## STORED DATA
-- Opening Marker --

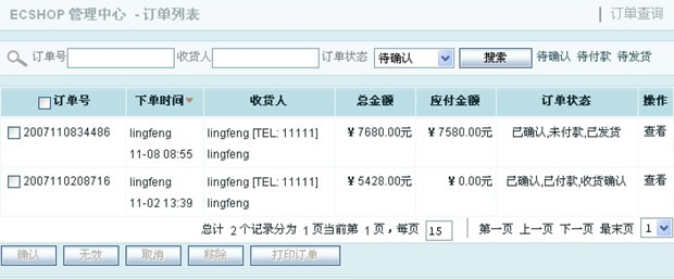在这里还可以根据订单号,收货认,订单状态进行搜索。
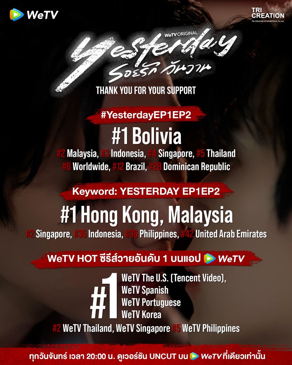 เรียกว่ากลับมาครั้งนี้ไม่ทำให้แฟน ๆ ผิดหวัง สำหรับสองนักแสดงมากฝีมือ ฟอร์ด ฐิติพงศ์ และ พีท วสุธร ที่ทุ่มสุดตัวในบทบาทสุดท้าทายของซีรีส์วายโรแมนติก-ดราม่าฟอร์มยักษ์แห่งปี WeTV Original “Yesterday รอยรักวันวาน” พร้อมสร้างปรากฏการณ์ตั้งแต่ครั้งแรกที่ออกอากาศ ด้วยกระแสตอบรับถล่มทลายทั้งในไทยและต่างประเทศ โดยเฉพาะฉากไฮไลต์อย่าง “ซีนรถแดง” ที่กลายเป็นไวรัลทั่วไทม์ไลน์ และส่งแรงหนุนให้ซีรีส์ทะยานสู่อันดับ 1 บนแอป WeTV ในหลายพื้นที่ ได้แก่ The U.S. (Tencent Video), Spanish, Portuguese และ Korea อันดับ 2 ใน Thailand และ Singapore และ อันดับ 3 ใน Philippines สะท้อนความแรงระดับอินเตอร์อย่างแท้จริง ไม่เพียงเท่านั้น แฮชแท็ก #YesterdayEP1EP2 และคีย์เวิร์ด YESTERDAY EP1EP2 ยังติดเทรนด์ X ในหลายประเทศทั่วโลก ทั้ง Worldwide, Thailand, Bolivia, Malaysia, Indonesia, Singapore, Brazil, Dominican Republic, Hong Kong และ United Arab Emirates ตอกย้ำความฮอตตั้งแต่เปิดตัว สมศักดิ์ศรีซีรีส์คุณภาพจาก WeTV Original
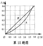 18.如图所示,是两个电路元件A和B在某一温度下电流与两端电压的关系图.
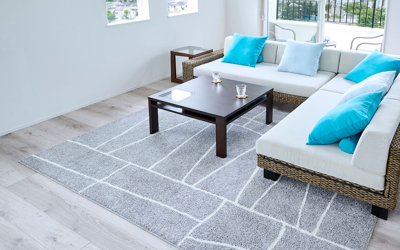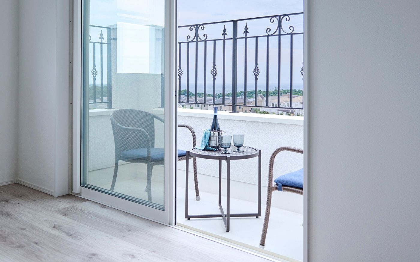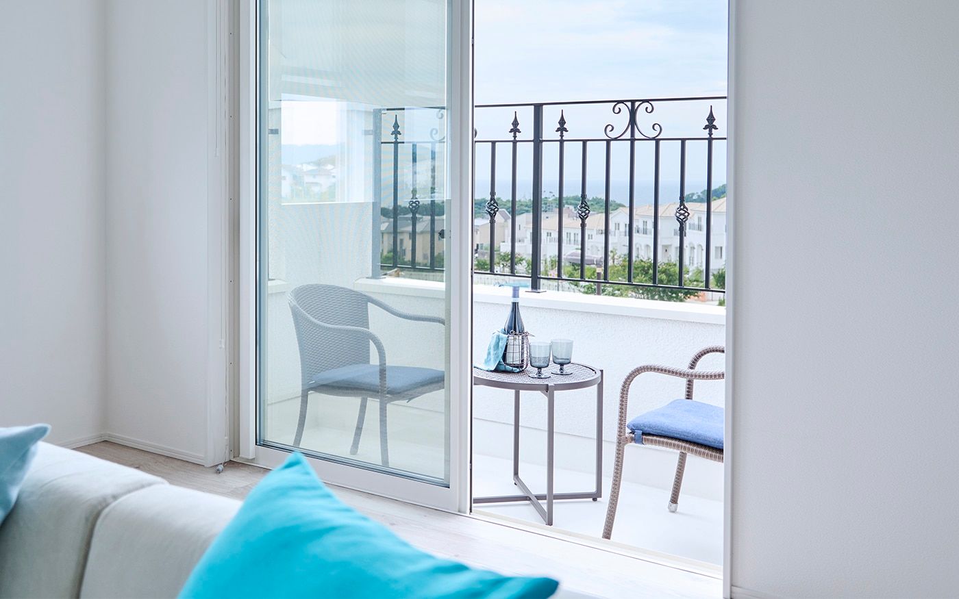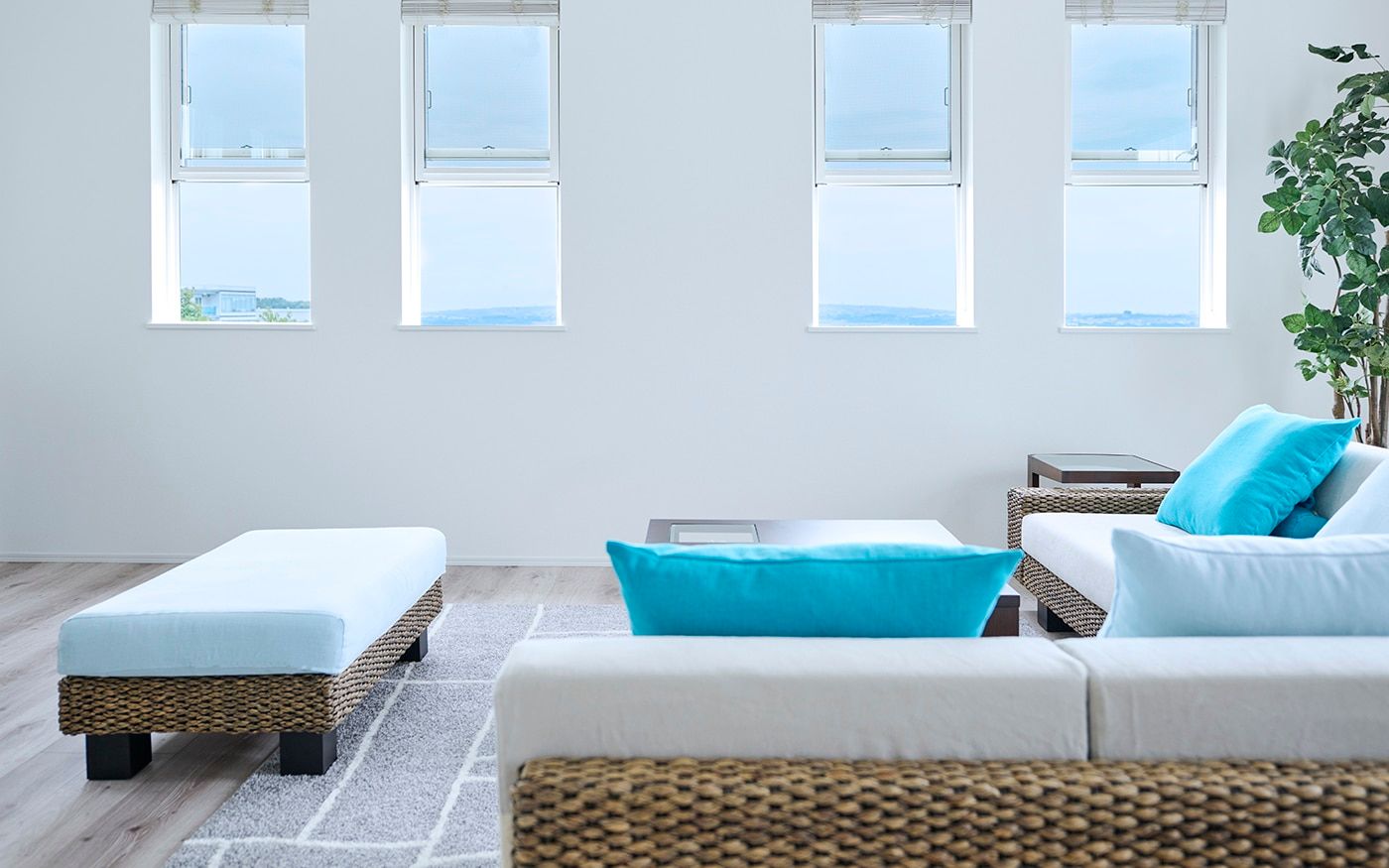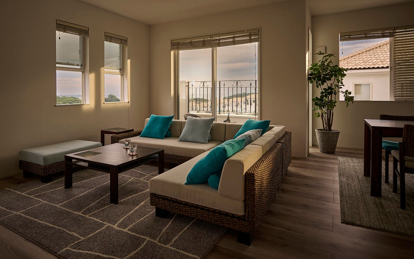 昼間のみずみずしい光で景色が鮮明に見えるリビングダイニング。海をイメージしたブルーのコーディネートでリゾート気分が上がります。リビングとダイニングの家具の素材や色を合わせることで、統一感のある爽やかなリビングダイニングの完成です。

-- Closing Marker --

## TASK REQUIREMENTS
Transcribe the data completely. No pictures should appear in the transcription.

## RESPONSE BELOW
在这里还可以根据订单号,收货认,订单状态进行搜索。
 เรียกว่ากลับมาครั้งนี้ไม่ทำให้แฟน ๆ ผิดหวัง สำหรับสองนักแสดงมากฝีมือ ฟอร์ด ฐิติพงศ์ และ พีท วสุธร ที่ทุ่มสุดตัวในบทบาทสุดท้าทายของซีรีส์วายโรแมนติก-ดราม่าฟอร์มยักษ์แห่งปี WeTV Original “Yesterday รอยรักวันวาน” พร้อมสร้างปรากฏการณ์ตั้งแต่ครั้งแรกที่ออกอากาศ ด้วยกระแสตอบรับถล่มทลายทั้งในไทยและต่างประเทศ โดยเฉพาะฉากไฮไลต์อย่าง “ซีนรถแดง” ที่กลายเป็นไวรัลทั่วไทม์ไลน์ และส่งแรงหนุนให้ซีรีส์ทะยานสู่อันดับ 1 บนแอป WeTV ในหลายพื้นที่ ได้แก่ The U.S. (Tencent Video), Spanish, Portuguese และ Korea อันดับ 2 ใน Thailand และ Singapore และ อันดับ 3 ใน Philippines สะท้อนความแรงระดับอินเตอร์อย่างแท้จริง ไม่เพียงเท่านั้น แฮชแท็ก #YesterdayEP1EP2 และคีย์เวิร์ด YESTERDAY EP1EP2 ยังติดเทรนด์ X ในหลายประเทศทั่วโลก ทั้ง Worldwide, Thailand, Bolivia, Malaysia, Indonesia, Singapore, Brazil, Dominican Republic, Hong Kong และ United Arab Emirates ตอกย้ำความฮอตตั้งแต่เปิดตัว สมศักดิ์ศรีซีรีส์คุณภาพจาก WeTV Original
 18.如图所示,是两个电路元件A和B在某一温度下电流与两端电压的关系图.
 昼間のみずみずしい光で景色が鮮明に見えるリビングダイニング。海をイメージしたブルーのコーディネートでリゾート気分が上がります。リビングとダイニングの家具の素材や色を合わせることで、統一感のある爽やかなリビングダイニングの完成です。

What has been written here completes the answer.